[[ DATA BELOW, beginning ]]

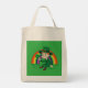 Tote Bag med en Illustration av en söt leprechaun med en grönt kostym, top hat, med en schamprock löv, med en färgstark regnbåge i bakgrunden A perfekt för att fira Saint patrick's day, ritad av Radka2D
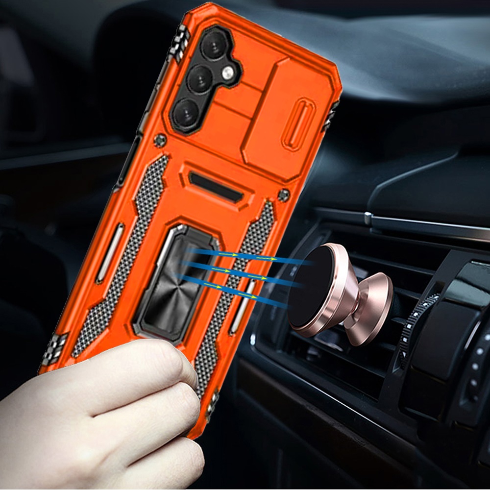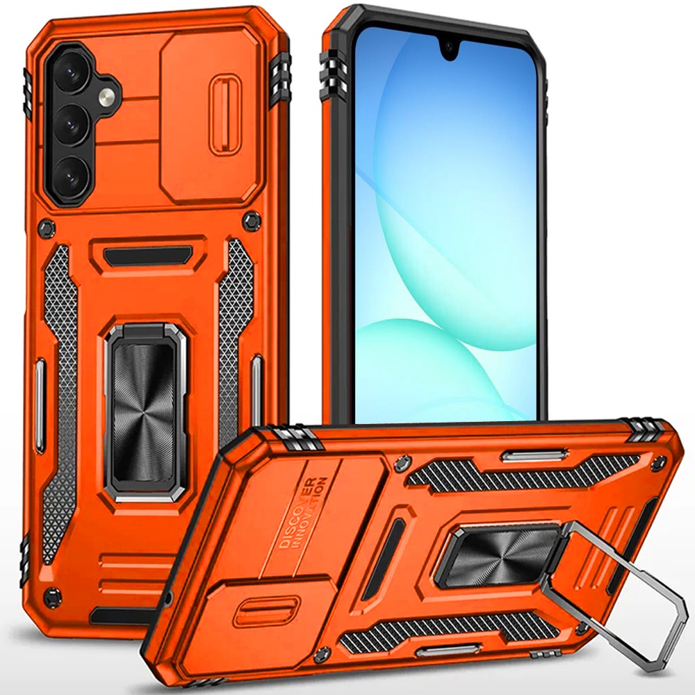 For Samsung A17 5G Utter Tough Metal Ring Movable Camera Window Hybrid Case Cover - Cosmic Orange
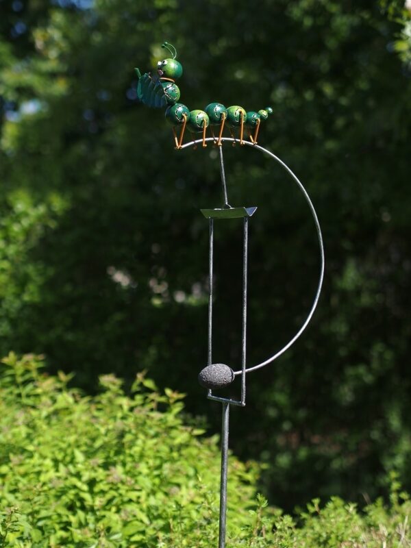 Superbly finished metal balance – tumbler with a caterpillar, which you can stick anywhere in the garden. It will move and spin in the wind. An ornament in the garden and beautiful to gift. Completely handmade and painted.
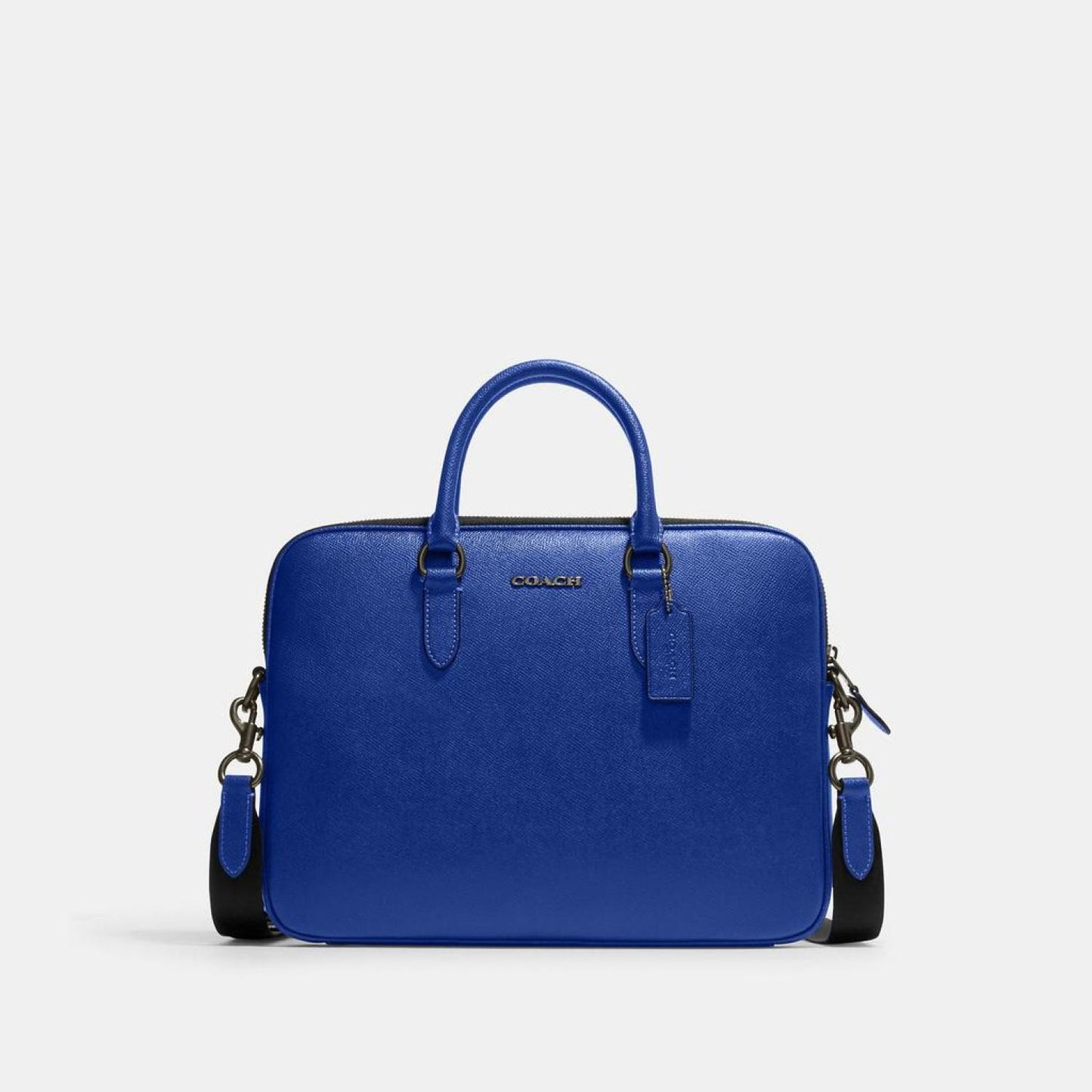 Crossgrain leather Inside zip and multifunction pockets Zip closure fabric lining Handles with 3 1/2 drop Outside open pocket Detachable strap with 27 1/2 drop for shoulder or crossbody wear 13 (L) x 9 3/4 (H) x 1 (W) Style No. CJ652 | Coach Outlet Liam Compact Brief - Blue

[[ DATA BELOW, end ]]

EXERCISE REQUIREMENTS: Write the material out again exactly. Do not include the pictures.

EXERCISE ANSWER:
 Tote Bag med en Illustration av en söt leprechaun med en grönt kostym, top hat, med en schamprock löv, med en färgstark regnbåge i bakgrunden A perfekt för att fira Saint patrick's day, ritad av Radka2D
 For Samsung A17 5G Utter Tough Metal Ring Movable Camera Window Hybrid Case Cover - Cosmic Orange
 Superbly finished metal balance – tumbler with a caterpillar, which you can stick anywhere in the garden. It will move and spin in the wind. An ornament in the garden and beautiful to gift. Completely handmade and painted.
 Crossgrain leather Inside zip and multifunction pockets Zip closure fabric lining Handles with 3 1/2 drop Outside open pocket Detachable strap with 27 1/2 drop for shoulder or crossbody wear 13 (L) x 9 3/4 (H) x 1 (W) Style No. CJ652 | Coach Outlet Liam Compact Brief - Blue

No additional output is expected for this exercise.